Found on the west facade of the Scott monument.

The ‘Dougal Cratur’ (from the novel 'Rob Roy', 1817) looks like a wild character, wearing a kilt and sheepskin waistcoat, holding a circular shield or ‘targe’ and a dagger. He looks ready to fight or do battle.

Formerly a prisoner in the Glasgow Tolbooth, Dougal Gregor has subsequently become the turnkey, and as such admits Frank Osbaldistone in the company of "Mr Campbell" (Rob Roy in disguise), when they go to visit Owen, the imprisoned head clerk of Osbaldistone and Tresham.

Dougal, says Frank, "was a wild, shock-headed looking animal, whose profusion of red hair covered and obscured his features, which were otherwise only characterised by the extravagant joy that affected him at the sight of my guide.

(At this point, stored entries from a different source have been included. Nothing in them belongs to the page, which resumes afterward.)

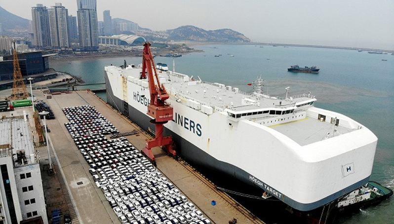 2020年4月18日,在连云港港东方公司码头,一艘大型远洋滚装轮靠泊69泊位准备装载400台车辆出口沙特阿拉伯。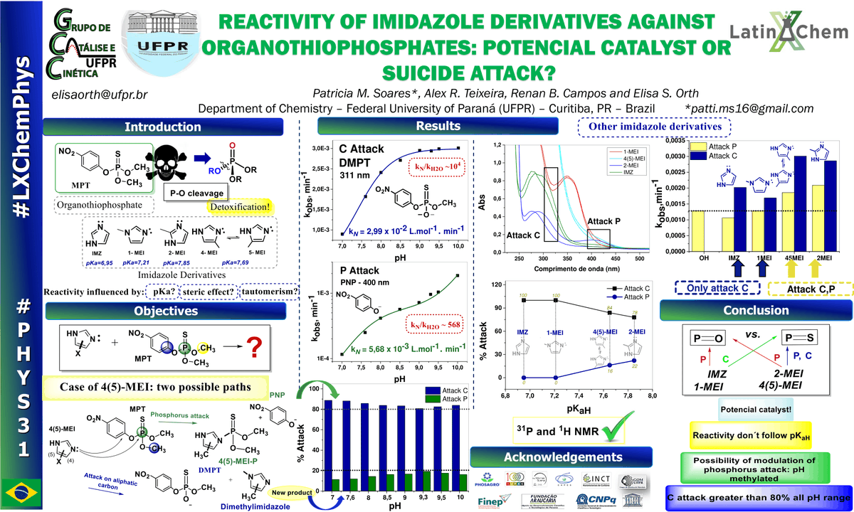 @LatinXChem! This is my work " Reactivity of Imidazole Derivatives Against Organothiophosphates: Potencial catalyst or suicide attack?".#LatinXChem2021#LXChemPhys#Phys031#Pesticides#ChemicalWeapons#Imidazole#Methylparathion#Organophosphatespic.twitter.com/miJ8JEqgxL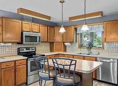 Wonderful 3+ bedroom 3 bath spacious Split-Foyer in great location near Prairie Ridge Golf course. Large open kitchen, dinette and living room area. Center Island with many cupboards and appliances to stay. Lazy Susan, pantry and recycling/garbage cabinet. Master bedroom suite with 34 bathroom. Large family room with gas fireplace. Lots of storage. Many updates including Furnace and Central air in 2020, Roof in 2016, water heater 2010 and new garage door in 2012. Flooring in kitchen, dinette, entryway and laundry room new in 2016, . Exterior is vinyl siding and brick. 2 car attached garage, storage shed, deck and patio.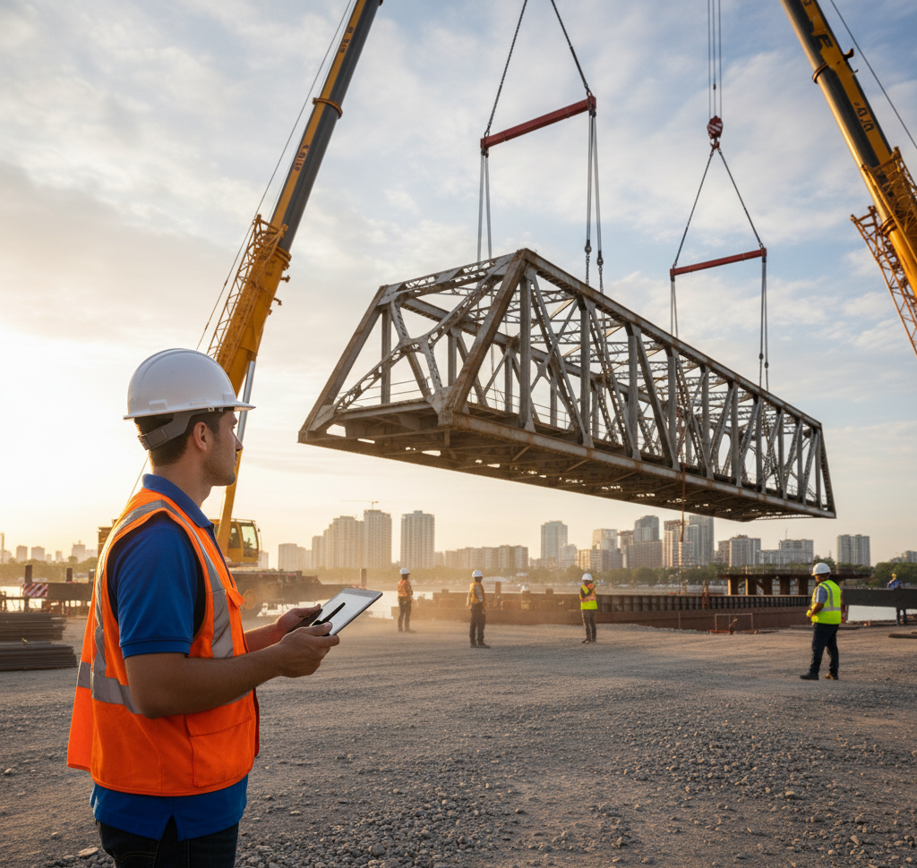 O sucesso de um içamento depende não apenas de um bom planejamento, mas também de uma execução supervisionada com rigor técnico e segurança. O acompanhamento operacional garante que cada etapa seja realizada conforme o plano, assegurando a correta utilização dos equipamentos, a amarração adequada das cargas e o cumprimento de todas as normas de segurança.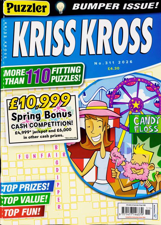 Buy a single copy of PUZZLER KRISS KROSS or a subscription of your desired length, delivered worldwide. Current issues sent same day up to 3pm! All magazines sent by 1st Class Mail UK or 48 Hour tracked UK & by Airmail worldwide (bar UK over 750g which may go 2nd Class).

In my experience I have met nothing so absolutely resembling my idea of a very uncouth, wild, and ugly savage, adoring the idol of his tribe."

Dougal's is devoted to Rob Roy and pleases him by leading Captain Thornton's soldiers into an ambush. "Wha' wad hae thought," Rob comments, "there had been as muckle sense in his tatty pow, that ne'er had a better covering than his ain shaggy hassock of hair!"

About the Sculptor

Charles McBryde (1853 to 1903)

Charles McBryde was an Edinburgh sculptor who lived at 7 Hope Street Lane and created several portrait busts in marble.

He exhibited works at the Royal Academy in 1890 - these included busts of Archibald Campbell, 3rd Marquis of Argyll (1897) for St Giles Cathedral, Edinburgh.

Other works include a bust of Andrew Carnegie (1891) for Edinburgh Central Public Library. Also fine portrait busts of Thomas Carlyle (1885), Sir Alex Grant, Principal of the University (1887), and Sir William Muir, Principal of the University (1900).

McBryde's works can also be found in the Scottish National Portrait Gallery.